In other words, do you teach loosely simple parts of procedural programming then perhaps introduce object oriented and functional and perhaps other methodologies, including teaching about assorted libraries/packages/modules that extend the language?

I think some here have learned vaguely along these lines and some quite differently. Some skip learning much and just look at snippets of code, perhaps in internet searches and try to figure things out. Some would prefer to search for pre-built software, as in publicly shared modules, that already do 90% of what they want.

So I decided to learn another language called WOLFRAM. I am not suggesting anyone here do so. I just am using it to illustrate some points. In a sense, this language is a successor to Mathematica and is a very high-level language that is hard to characterize. It comes with at least 6,000 functions built-in as in not needing to be imported. It is by Stephen Wolfram, hence the name that means Tungsten which is why the chemical symbol is W. The book is from 2015 and is called An Elementary Introduction to the Wolfram Language.

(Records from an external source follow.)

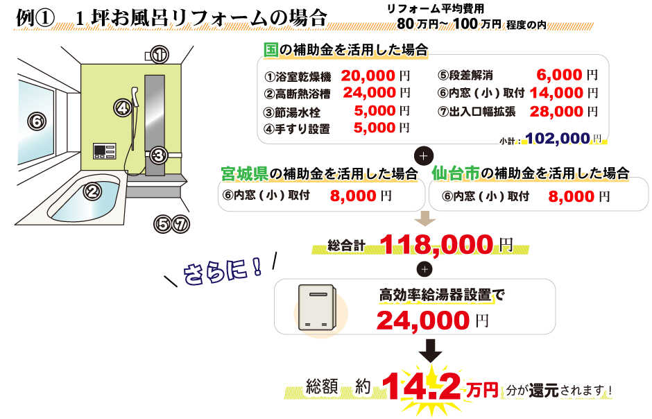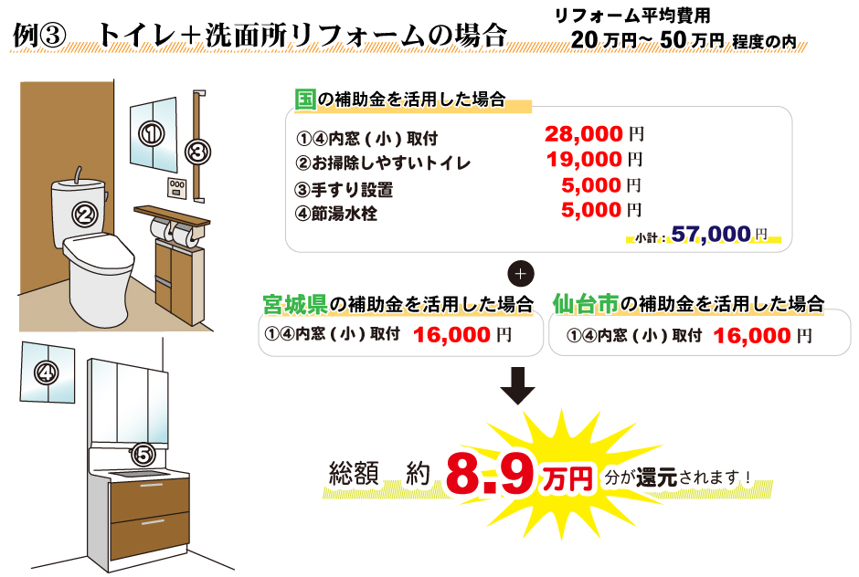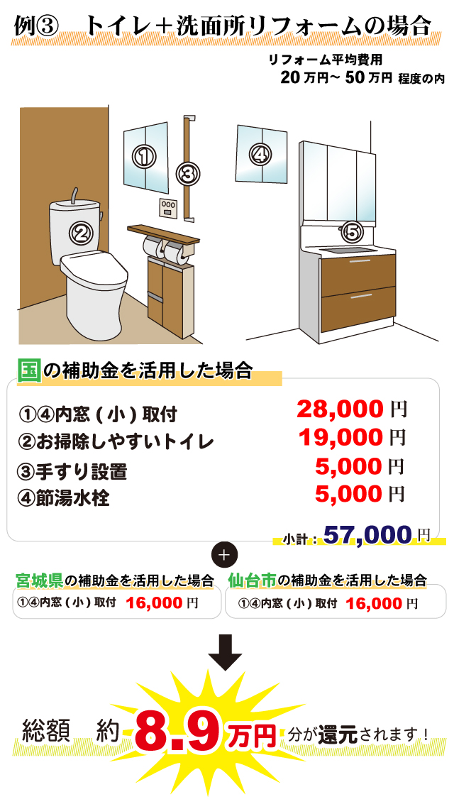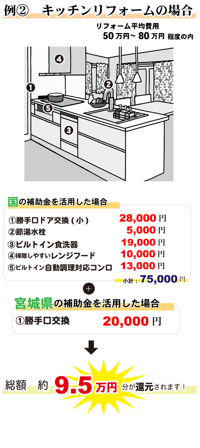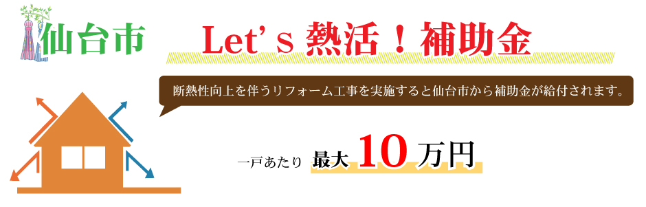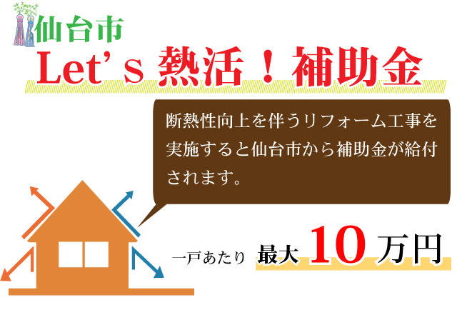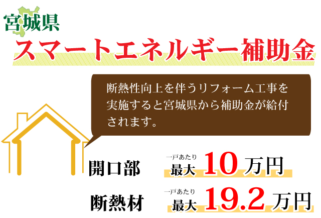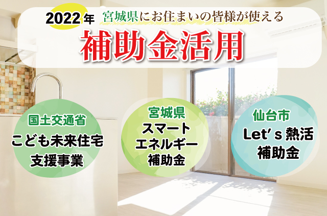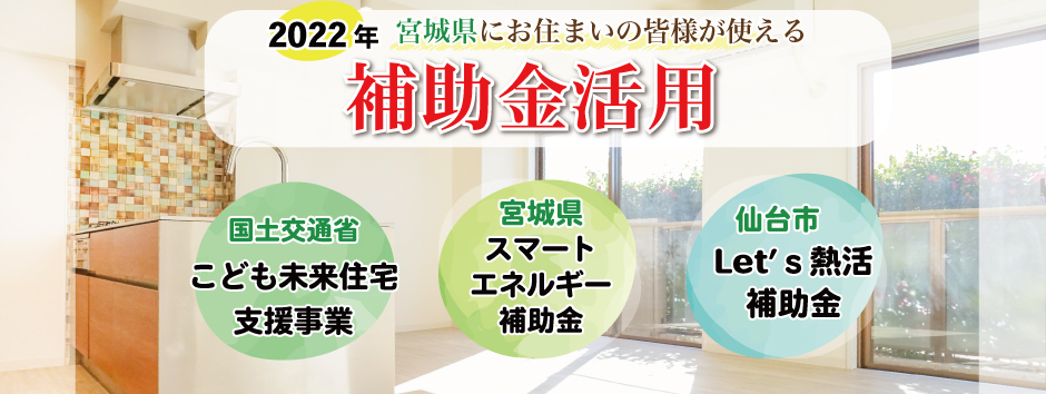無料見積り・相談 電話で見積り・相談 0120-705-582 【受付】9:00~18:00【定休日】水曜日 電話で見積り・相談 HOME2022年補助金のご案内 国や宮城県、仙台市等各自治体から対象のリフォームをすると補助金を受け取ることができます。サンダイホームでは補助金を活用したリフォームの実績多数!ご興味がある方はお気軽にお問合せください。 2022年 活用できる主な補助金 交付申請期限 2021/11/26(金)~2023/3/31(金)※予算なくなり次第終了となるので詳細は担当にお尋ねください。※期間が延長されました。 対象工事 節水型トイレ、節湯水栓、高断熱浴槽、高効率給湯器、断熱改修工事(窓、ドア、外壁、屋根、 天井又は床)等 ※最低補助金額5万円(税込)以上が条件となります。 補助金額 一戸あたり 最大30万円 対象者 申請者が所有している住宅で対象必須工事を実施 受付期間 一次募集 2022/5/16(月)~5/27(金) 二次募集 2022/8/29(月)~9/9(金) 三次募集 2022/11/28(月)~12/9(金)※各募集区分の申請総額が予算額を上回った場合は、抽選により交付対象者を決定いたします。 対象工事 内窓、サッシ交換、ガラス交換、ドア交換、天井・壁・床断熱材等 補助金額 開口部 一戸あたり 最大10万円 断熱材 一戸あたり 最大19.2万円 対象者 宮城県内の住宅で申請者が所有&居住している住宅(賃貸住宅は対象外) ※詳細は担当にお尋ねください 申請期間 2022/4/1(金)~2023/1/31(火)※予算なくなり次第終了となるので詳細は担当にお尋ねください 対象工事 内窓、サッシ交換、ガラス交換等 補助金額 一戸あたり 最大10万円 対象者 申請者が仙台市在住で所有または居住している住宅 ※詳細は担当にお尋ねください 2022年 大規模リフォーム向け補助金 申請期間 2022/5/9(月)~2022/12/23(金)※予算なくなり次第終了となるので詳細は担当にお尋ねください 対象工事 内窓、サッシ交換、ガラス交換、断熱材、劣化対策、バリアフリー等※事前のインスペクション必須 ※国の補助金同士の併用は原則不可 補助金額 一戸あたり 最大100万円(補助率1/3) ※三世代同居対応改修工事を実施する場合や、若者・子育て世帯又は既存住宅の購入者がリフォームを行う場合は最大150万円(補助率1/3) 対象者 申請者が所有している住宅で対象必須工事を実施 ※詳細は担当にお尋ねください 補助金活用例 お問い合わせ サンダイホームでは補助金を活用したリフォームの実績多数!ご興味がある方はお気軽にお問合せください。 各種お問い合わせ 住まいのお悩み相談はこちらから 電話で相談する 自宅から相談する すぐにお悩みを解決 リフォームで最後までサポート WEBで相談する WEBから気軽に相談可能 オンライン相談も可能! 現状調査や見積もり依頼にも対応 ショールームで相談する 実際の商品を見ながら確認が可能 資料と合わせて説明を聞くことが可能 実際のリフォーム現場が見られる - トップに戻る - サンダイホーム・グループ サンダイ本社 サンダイ本社宮城県仙台市泉区長命ケ丘6-15-10 | 0120-70-5582 泉・青葉ショールーム仙台市泉区長命ケ丘 6-15-10 | 0120-70-5582 宮城野・多賀城ショールーム仙台市宮城野区中野字寺前 68-1 | 0120-70-5582 岩沼・名取ショールーム岩沼市栄町 1-9-1 | 0120-70-5582 営業部 リフォーム・リノベーション・新築仙台市泉区長命ケ丘 6-15-10 | 0120-70-5582 ライフサポート仙台市泉区長命ケ丘 6-15-10 | 0120-70-5582 解体仙台市泉区南中山 2-3-12 | 0120-70-5582 不動産仙台市泉区長命ケ丘 6-15-10 | 0120-70-5582 [統括管理会社]株式会社サンダイホーム|仙台市泉区長命ケ丘6-15-10|022-341-5152 [施工管理会社]株式会社住環境テック|仙台市泉区長命ケ丘6-15-10|022-341-5417
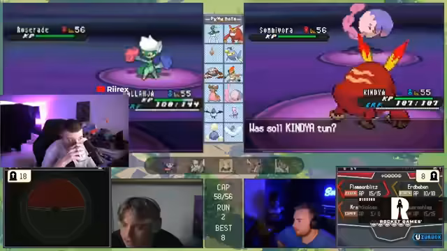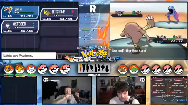 09:07:17Nach einem harten Kampf gehen zwei der wertvollsten Links des Streams, Bommel und Frosch, verloren. Dies führt zu einer emotionalen Reaktion des Streamers, der seine Confidence verloren zu haben glaubt und einen Neustart des Runs in Betracht zieht. Trotzdem beschließt er, weiterzuspielen, da noch starke Pokémon wie Knackrack und Lugia im Team sind und der Run somit noch eine Chance hat, erfolgreich zu sein.
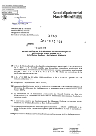 portant notification de la décision d'autorisation budgétaire et fixation du prix de journée 2019 de la Maison d'enfants "Le Chalet" à RIMBACH Resumé Pièces jointes ARRETE Assemblée : Non défini Date : 06/06/2019 Rapporteur : Non défini Collectivité : Conseil départemental du Haut-Rhin Direction : Non défini Service : DGA Développement Humain et Solidarité Domaine : Prix de Journée Commission :

What got me is that for an ELEMENTARY text, it skips all the elementary parts. It seems to practically jump into functional programming from the start and only about 2/3 of the way through the book is there a mention of a kind of IF statement. No real mention of loops as everything sort of had loops built-in one way or another. I still have not seen examples on how to setup a variable and assign to it or create a function other than an immediate inline (anonymous) function let alone how to create an object. I know it all has to be THERE but you can apparently do an amazing amount in this language by simply calling one of the many built-in functions appropriately, often in a nested fashion.

So, no, not suggesting it as a first language.

The point here is that we often have little idea about the person asking a question and their background. There can be a temptation to simply give them an answer, sometimes an elegant answer using advanced features. Several of us recently tried coaching someone to fix their code and work through learning how to solve a problem. Someone else just supplied working code. Now if someone asked Wolfram how to say determine if a number is prime, rather than suggesting some technique using an algorithm, they would just suggest using PrimeQ[number] and voila! (In that language, you use square brackets in function calls.) If they were then asked how to check a whole list of numbers that way, do you think they would show any visible loops? Nope. I will spare the details but in effect they would apply a function to a list returning the list of results. If you want just the ones that are prime, you can use a sort of embedded if statement. One-liners seem to be the norm. And perhaps odder, the language is merely a part of a larger entity that includes a gigantic knowledge base on the internet that it automatically taps into so your program can literally ask in plain English for things like the populations of countries embedded in a request to make some complex plot displaying them.

Python though is actually many paradigms in one. You can actually do quite a bit similar to what I described if you focus on a combination of functional programming and some object-oriented programming and are a bit more verbose. But if you want to learn how computers work on a basic level and then get into higher abstractions, it is very good. Some of what I describe is in there if you know where to look. You can use plain loops, then as syntactic sugar you can use comprehensions or perhaps generators and of course you can use functional programming, including the kinds of tools you can get in the itertools module that automate lots of stuff for you.

In this forum, I suspect that unless asked otherwise, we ought to remain in the lower levels. And I don’t mean the meaning of Elementary of someone like Stephen Wolfram! LOL!